Session 5 Getting data in and out of R
We can’t get very far with R if we can’t get our raw data in, and our results out. This session introduces some of the basic techniques to do this.
5.1 Working directory
R can read data from files on disk. First, we need to understand where R will look for data. Running the command getwd()
in the R console will reveal a file path, which is where R will look first for files. This is also likely to be the directory displayed in the file pane (bottom right hand corner in R studio). This directory is called the working directory.
You can customise the working directory, using Session > Set working directory, and the options therein. Alternatively, you can use the setwd()
command in the console. You can supply a file path, e.g. setwd("C:/my/file/path")
.
More on directories when we introduce Projects later. For now, note that any files will need to be placed in the working directory for R to find them (or in a subdirectory).
In general, it makes sense to also save your script files in the working directory (or a subdirectory of it).
Exercise: choose a sensible working directory, and save your current script file to that directory.
5.2 Base R solutions to importing data
Note: ‘Base R’ refers to the functions that come with R as standard, without installing additional packages.
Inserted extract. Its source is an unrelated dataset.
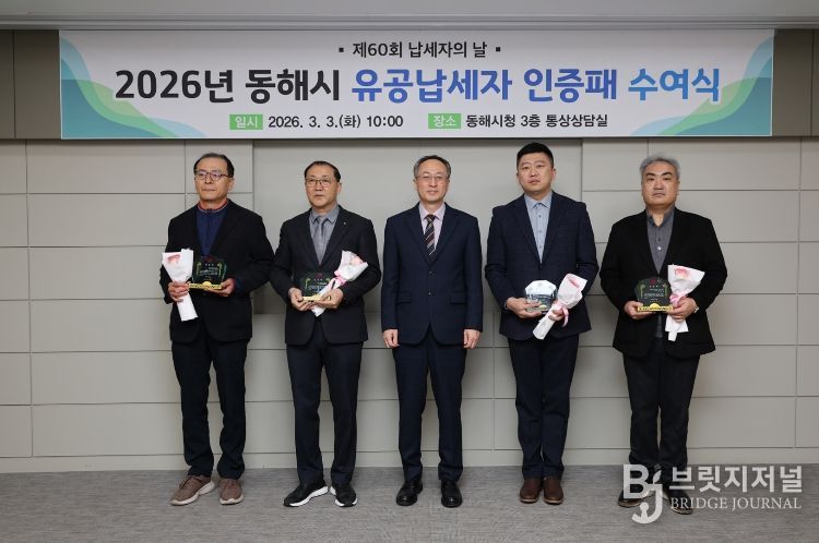 브릿지저널 윤나영 기자 | 동해시는 3월 3일 '제60회 납세자의 날'을 맞아 시청 통상상담실에서 유공납세자 인증패 수여식을 열고 성실납세자들에게 감사의 뜻을 전했다.

A simple base R solution to reading in data is to use the read.csv
function. This reads data from the csv file format. Note that simple Excel spreadsheets can be saved in this format.
Once file.csv
is placed in the working directory, it can be read into R using
x <- read.csv("file.csv")
, which reads in the file and assigns it to x
. By default x
will be a data frame.
Note that you can also place files into a subdirectory of the working directory. For example, it may be convenient to have a data
subfolder, in which case you would use x <- read.csv("data/file.csv")
.
Exercise, click on the link to download the file CHD.csv. To download this file, right click on the hyperlink and select ‘save link as.’ Download or move it to your working directory, and read it into an R object called `chd’.
5.3 Exporting data
Similarly, you can export data back out (in an appropriate format), using write.csv
. Here you need to specify both the object to write, and the file to write it to, e.g. write.csv(x, "file.csv")
.
Exercise: write the object chd
back to disk, in a new file called chd2.csv
’.
5.4 Further reading
There are many, many more options for reading and writing data, here are some resources to find out more:
Chapter 11 of R for Data Science introduces the ‘tidyr’ package (part of the Tidyverse).
Chapters 5, 6, 7, 8 of R Programming for Data Science cover options, including handling larger files, and reading data directly from websites.
For further technical details see R data import/export manual which also includes details of connecting to databases.